Retail industry leaders are meeting this week to find solutions to minimize theft.


“Theft amounts to roughly 1.8 per cent of all retail revenues in the country.”


Stealing from retail stores in Canada has gone on for a long time, in a variety of ways, but Rodrigues said the problem is worse now than it has ever been.


“General shoplifting happens quite often and group theft is a growing problem,” he said, as he described the practice of large numbers of thieves blitzing stores and leaving with large amounts of stolen merchandise. “They are literally filling shopping carts and bags full of merchandise.”


Rodrigues said organized crime is a growing concern, with items stolen before they even get to stores.

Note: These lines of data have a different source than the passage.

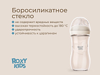 Бутылочка для кормления Roxy-Kids Natural, стекло, 240 мл, средний поток, 3+ RBTL-008-GLA-I слоновая кость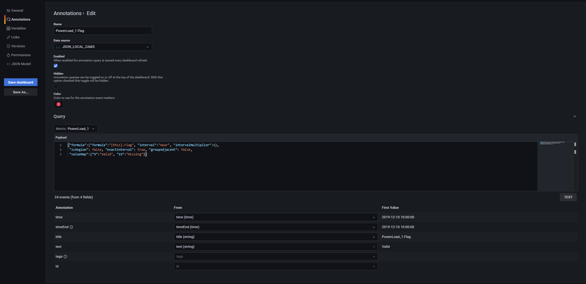 XML{"valueMap":{"1":"Mapping Text", "2":"Mapping Text 2"}}Retreive time series values of an ad hoc formula and mapped values to specific text (e.g. to display flags as annotation colours)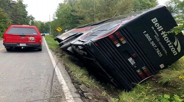 昨早8点半,一辆载有24名乘客的旅游大巴车在魁省L'Isle-aux-Coudres的Chemin des Coudriers上侧翻于路肩沟内,三人受伤被送往医院。其他乘客则改乘一辆校车前往当地的Hotel Cap-aux-Pierres酒店。来自魁北克城的一辆大型牵引车赶往事发地点将事故大巴拖走。魁省省警称,目前尚不清楚大巴司机为什么会失去对车辆的控制。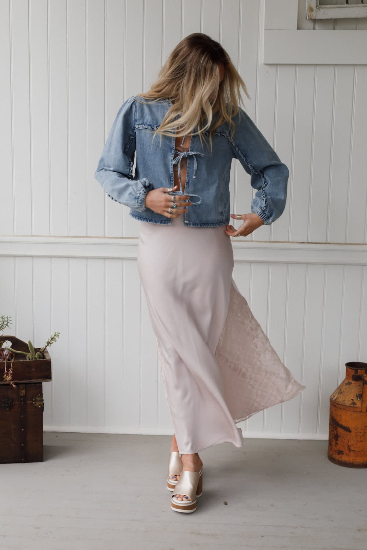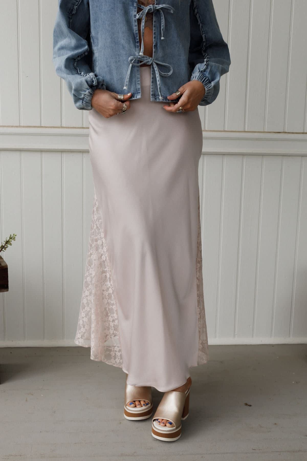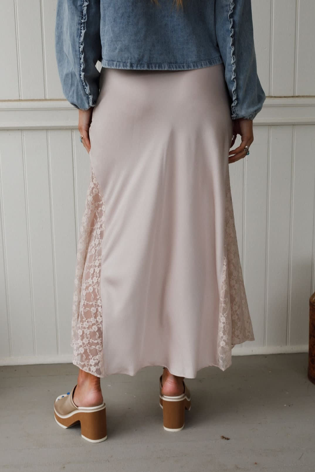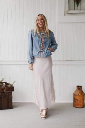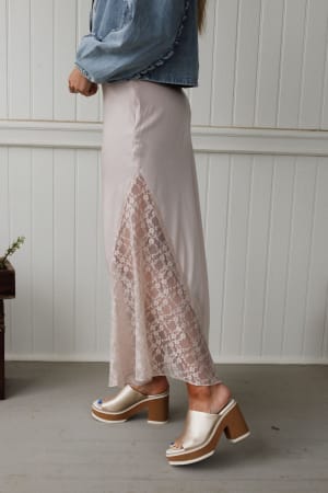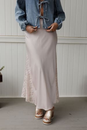 This adorable cream lace skirt will add a romantic accent to your look and pairs perfectly with an oversize sweater.

“Trailers stolen from yards, in transport, there is definitely an increase of that as well,” he said.


Sylvain Charlebois agrees. Charlebois is a professor at Dalhousie University and director of the university’s Agri-Food Analytics Lab. He said theft of retail food has also escalated over the past five years.

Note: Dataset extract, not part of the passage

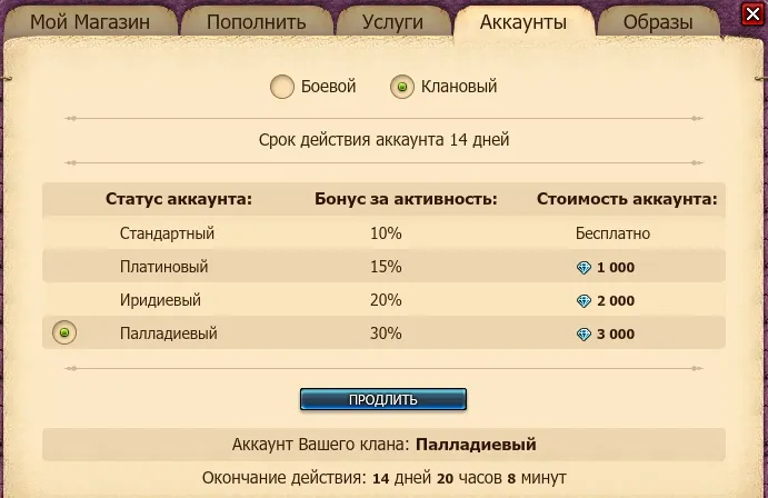 Активация кланового аккаунта доступна только Главе клана. Ресурсы на активацию берутся из клановой казны. Данный аккаунт применяется ко всем текущим игрокам в клане. В случае, если к клану присоединяется новый игрок – аккаунт для него активируется автоматически.
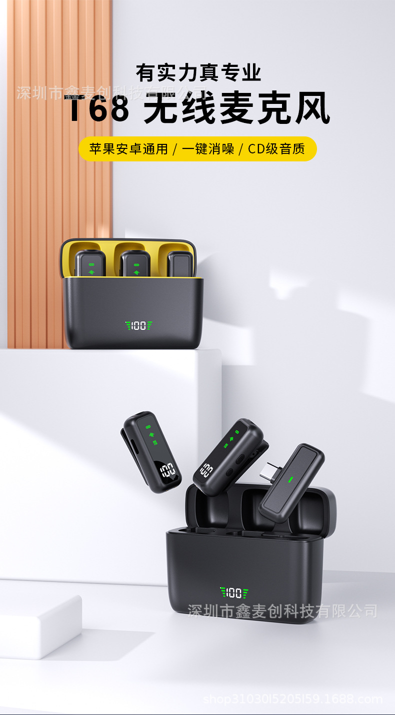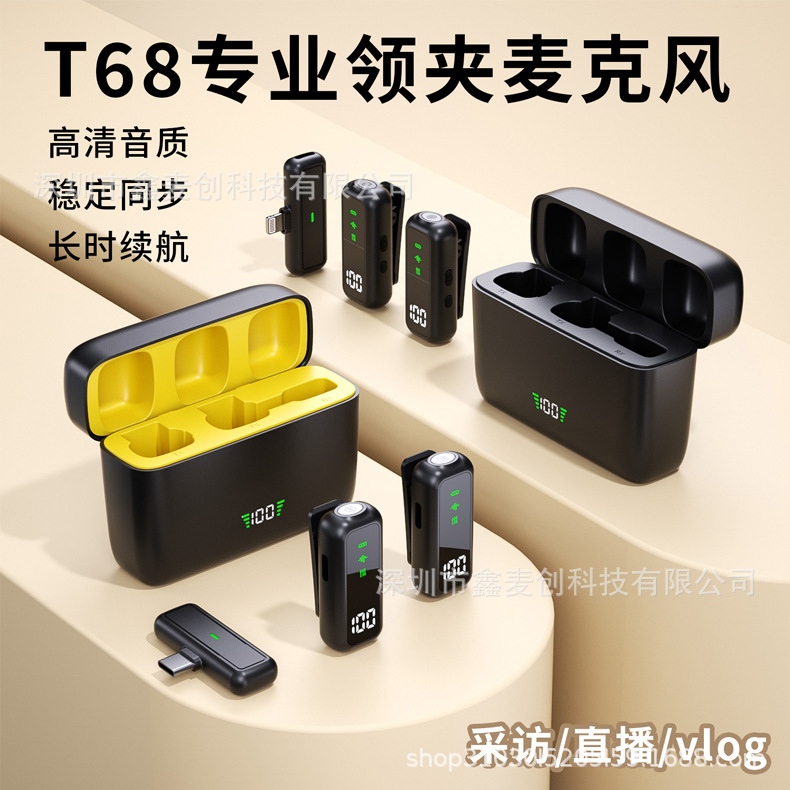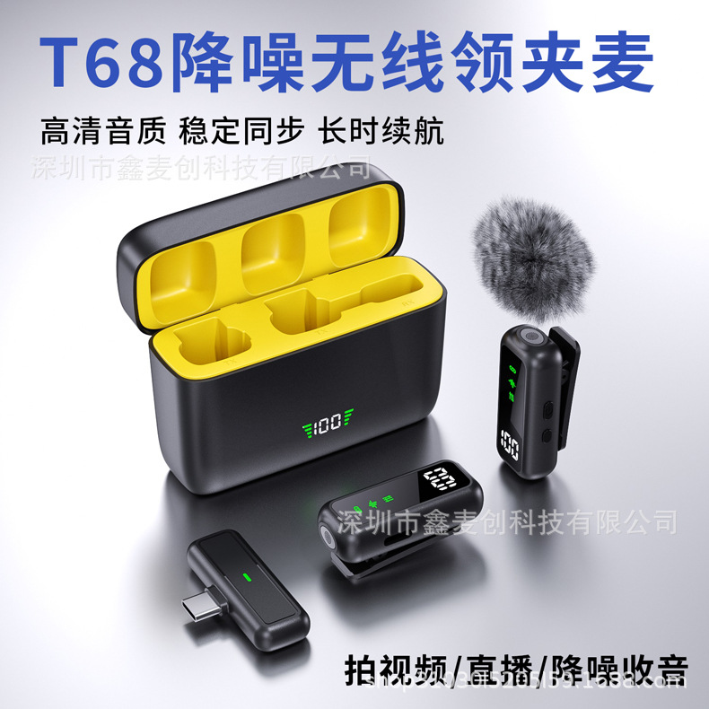T68AI 소음 감소 무선 라발리에 마이크 1대2 충전 챔버 휴대폰 네트워크 라이브 방송 개인 모델스토어 가기

“Organized crime is a big problem,” Charlebois said. “Sometimes you have internal employees involved and these thefts will probably include thousands of dollars of food product.”


The retail stores sector is currently working with law enforcement to address the issue, according to Rodrigues.


Store operators are also deploying new strategies such as increased and better-trained security personnel and high-tech surveillance tools.


“It could come down to the physical design of the store and where the high value stuff is, in relation to the exit,” said CTV News Public Safety Analyst and Former OPP Commissioner Chris Lewis.


“Most of the stores want it up front, so people see it when they come in. That is part of their advertising. But in other cases, they are moving items and putting them into places that makes it harder to get them out of the door.”


Lewis said there are other proven ways to deter thieves, like catching them in the act and delivering strict punishment through law enforcement and the courts.


The Retail Council of Canada is currently working on a retail crime report that will highlight how much money retailers are now losing due to theft.